I was able to compile libusb as part of my project, pretty easily
Now doing some tests deploying my app in elk board. things don’t work so far as expected, seems to hang, but I need to do further investigation before posting any specific errors. My app is trying to communicate with push using USB midi ports and using JUCE’s MidiInput::openDevice functions. I seem to recall you mentioning this could be a problem? (my app works fine when compiled in macos and with raspbian)
Also another question I have is what part of the plugin is run in the RT thread and what part in the rest. Is it only JUCE’s PluginProcessor::processBlock that happens in RT kernel?
Anything that uses “normal” Posix threads for parallelization inside an RT thread will definitely cause mode switches. The solution is either disable them as you suggested, try to implement it using TWINE’s worker thread pool or use Xenomai’s Cobalt APIs to convert Posix calls.
The issue might be there if a plugin opens up MIDI ports, which should be the host’s responsibility. I think you should be able to debug and test this using the AppImage of SUSHI for normal Linux, too.
Correct, that’s the only callback in a plugin that runs in the RT context.

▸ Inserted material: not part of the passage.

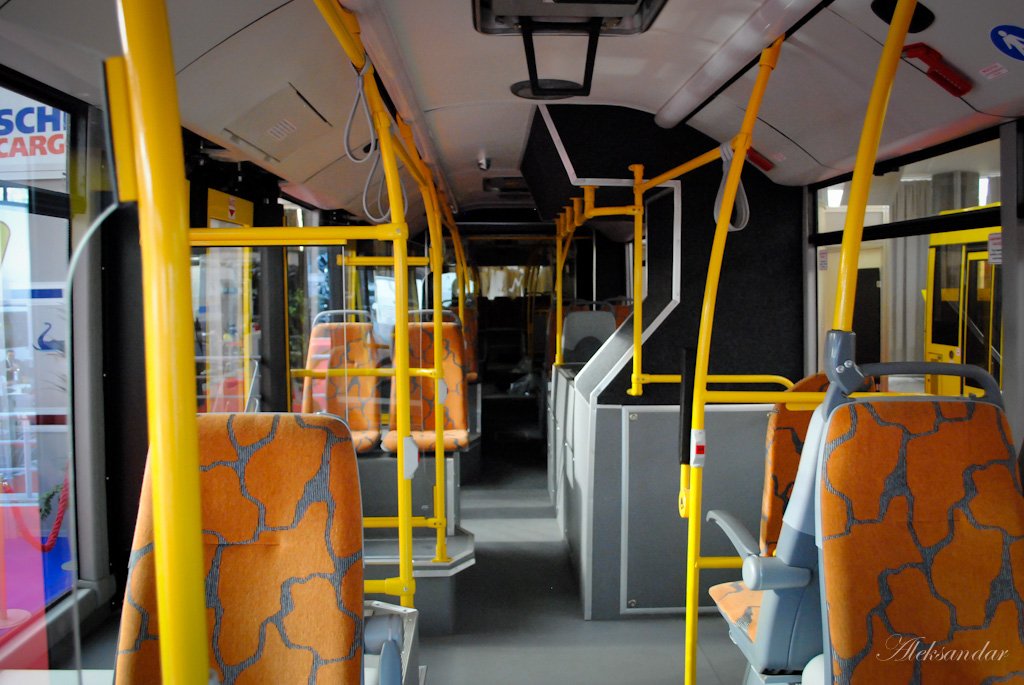 Внутри автобус отличается от своих пражских собратьев наличием кондиционера, ремней безопасности и точки доступа Wi-Fi. Кроме того, несколько сидений установлены в местах сочленения его частей.

Thanks, I’ll continue investigating and try to narrow down the issues, maybe opening new forum threads if needed. I’ll also publish code and instructions to run tracktion engine on ELK as soon as I get in a position to do so.
Thanks, I’ll let you know. I’m doing some progress, but I’m stumbling across weird behaviours like ELK AudioOS hanging the 2nd time in a row I run my app, but working in the first (and stuff like that). Also there are some kernel mode switches (MSW) that need to be fixed. I set tracktion engine to use a single thread, and now the MSW have reduced a lot, but still there are some I need to debug.

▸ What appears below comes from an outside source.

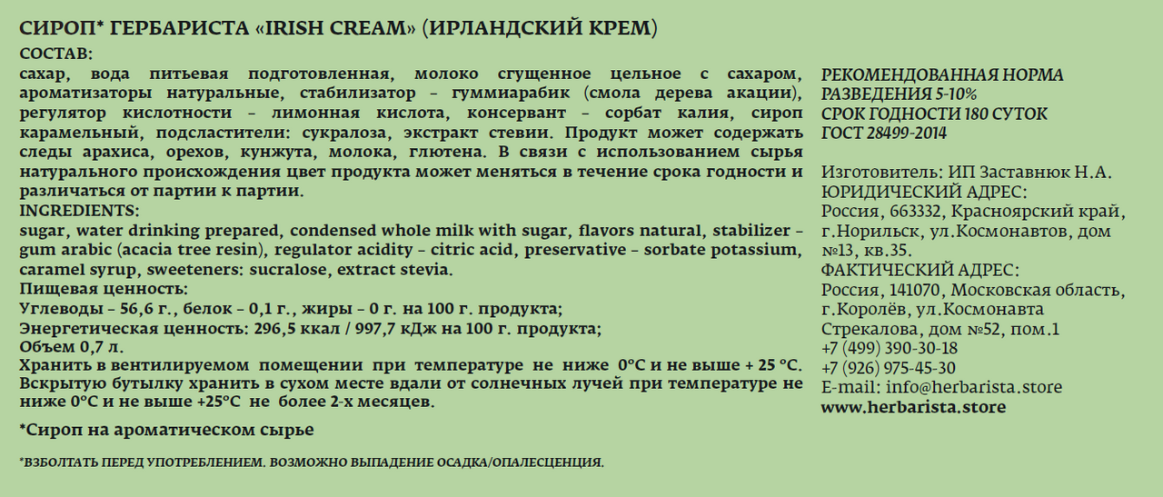 Сироп Herbarista Irish cream Ирландский крем, 700мл

I think I’m getting closer but still more work to be done
Actually @Stefano, about this issue of AudioOS hanging the 2nd time I run sushi with my plugin, do you have any guess about what might be happening? Clearly my app is quitting and leaving some stuff in a weird state… is there any command to “reset” audio hardware I could run as a tests between sushi runs (might be related to Distorted/noisy audio)? you ever found anything similar to that?
I’ll dot that (maybe tonight if I get some time). I’m testing with 2 tracktion engine based projects, a simpler one and another one a bit more complex (not too much). It only happens with one of them. In any case I’ll do more tests and share the output of sudo mesg. Thanks!
I tried the sudo dmesg but I don’t get too far because when ELK hangs I can not run it anymore. If I have it running before (in watch mode) I see nothing special. In any case, I see audio open and audio close messages where it makes sense:
[Apr28 17:09] audio_rtdm: audio_open. - here I run sushi
[ +4.664678] rtdm_event_wait failed - here I hit ctrl+c to stop sushi
[ +0.007131] audio_rtdm: audio_close.
[ +4.159085] audio_rtdm: audio_open. - here I run sushi for the second time
- here OS freezes and I have to power off
This is one issue, but for this one I’m not super worried now. The other issue is what has to do with the MSW. I can see MSW growing with watch -n 0.5 cat /proc/xenomai/sched/stat although the plugin works. But after a while it crashes/hangs OS sometimes. I have the feeling this could be caused by too many MSWs? In any case @Stefano said MSW should be completely avoided so I continued my investigations. Here are some things I learned so far:
Running the tracktion EngineInPluginDemo project (with a small modification of adding a background audio file), I get many MSW, at a rate of “hundreds” per second.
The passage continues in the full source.